I’d told him to stay put until I got back, but I guess a solid twelve-hour stint at the bar would be too much for anyone. Plus, he probably had NPC things to do, and I could only manipulate his AI so much.

I went to the basement. The placed smelled different than usual, like lemon and lavender mixed with…roadkill. A rustling noise came from The Safe House, and the secret door whirled open. It stretched out far larger this time, more than wide enough to accommodate even the most well-fed members of Bill’s Yard.

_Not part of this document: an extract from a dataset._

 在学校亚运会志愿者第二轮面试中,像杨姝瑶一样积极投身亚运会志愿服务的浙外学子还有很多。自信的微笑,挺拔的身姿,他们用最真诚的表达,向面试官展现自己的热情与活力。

Or well-drank. A beer belly was a lot more common than a food belly in these parts.

Out popped Otto, flinching when he saw a pair of legs in front of the door.

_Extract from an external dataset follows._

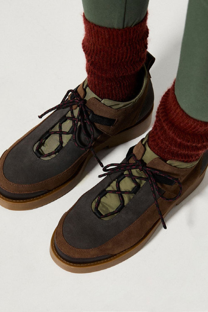 BERTHE es una zapatilla abotinada inspirada en el calzado de montaña. Combina piel serraje y tejido técnico sintético en un diseño robusto y versátil. El cierre con cordones asegura un buen ajuste, mientras que la plantilla extraíble de foam forrada en piel de vacuno natural aporta confort y transpirabilidad. Con suela de TR con tacón y huella tipo track, ofrece agarre y estabilidad. La caña de 8 cm y la puntera redonda completan un modelo pensado para el uso diario con estilo y comodidad.

“Blimey! Care to announce yaself? Nearly crapped myself there, thought you were an Asterian.”

“Sorry Otto. Might need a peephole or something so you can see who’s outside?”

He scratched at a spot on his face that could have been a chin, contemplating.

“Not a bad idea.”

“Yeah. Do you happen to know where Braith went? I kind of really need to find him and squeeze some information from his brain.”

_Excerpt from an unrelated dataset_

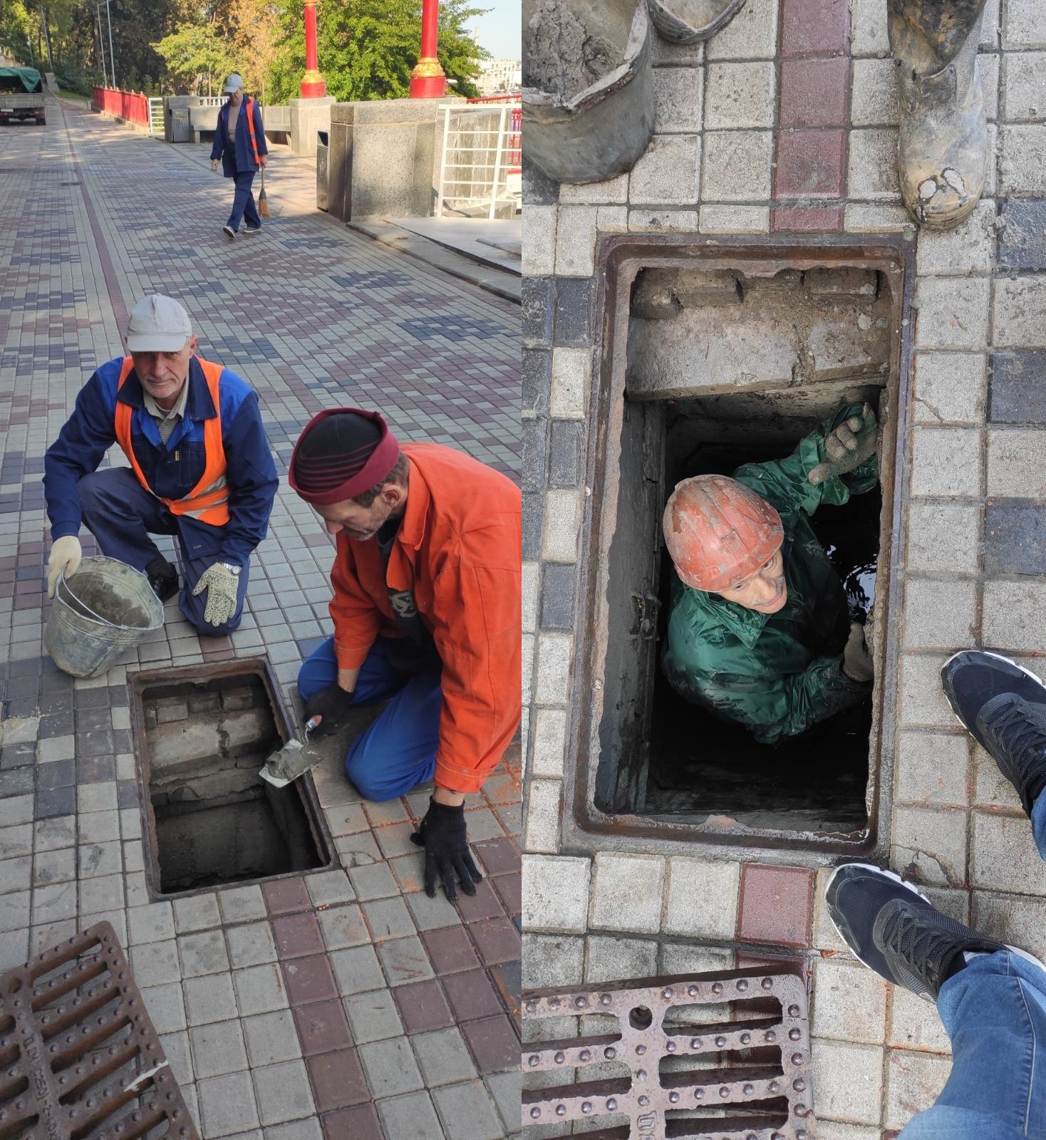 Чищення труб та ремонт зливоприймальних колодязів водостоку біля Пішохідного мосту через р. Дніпро

Otto looked at me like he couldn’t decide if I meant that literally. He’d probably seen some strange things in his time as a bartender, of which brain squeezing wouldn’t top the list.

“A horn sounded just a couple streets away, sometime this morning. He went to the call because he was worried that he would be seen here, and someone would ask him why he didn’t rush over.”

“Thanks. East or west?”

“East. But it was still a couple hours ago — I doubt he’d still be there.”

“All good, thanks Otto. How’s the potion-making going?”

He produced a small vial from his pocket. To my relief, this one didn’t have a swirling purple tornado inside.

“She’s alright. Check this one out. Drink it if you’ve got an ability on cooldown that you really need. Should refresh all your cooldowns.”

I pocketed the vial, thinking of its use cases. The obvious one was if I wanted to escape quickly and needed a second [Dash], but I could also put on quite a show if I used all my abilities at once, downed the potion, then let it rip with the same barrage. Could probably frighten a lot of players into thinking I was unbeatable.

[Yo man.]

A message from Duri.

[Yo, what’s up?]

[Just hopped on to tell you about a weird article I read. Asterian players from the Yard are killing themselves to get out of the event. They say they’re too bored of walking around the streets all day achieving nothing. They’re taking the hit to their stats just so they can continue grinding somewhere else.]

[Hell. Yes. Thanks, Duri.]

That was phenomenal news. People were deserting. Like any army, if the soldiers aren’t paid their krad or rewarded in some other way, they wouldn’t hang around. I knew a few had been outfitted with Asterian armour and equipment — not including Claire who’d practically been gifted a different armour set for each day of the week — but a lot had decided to pull up stakes and move on with their lives.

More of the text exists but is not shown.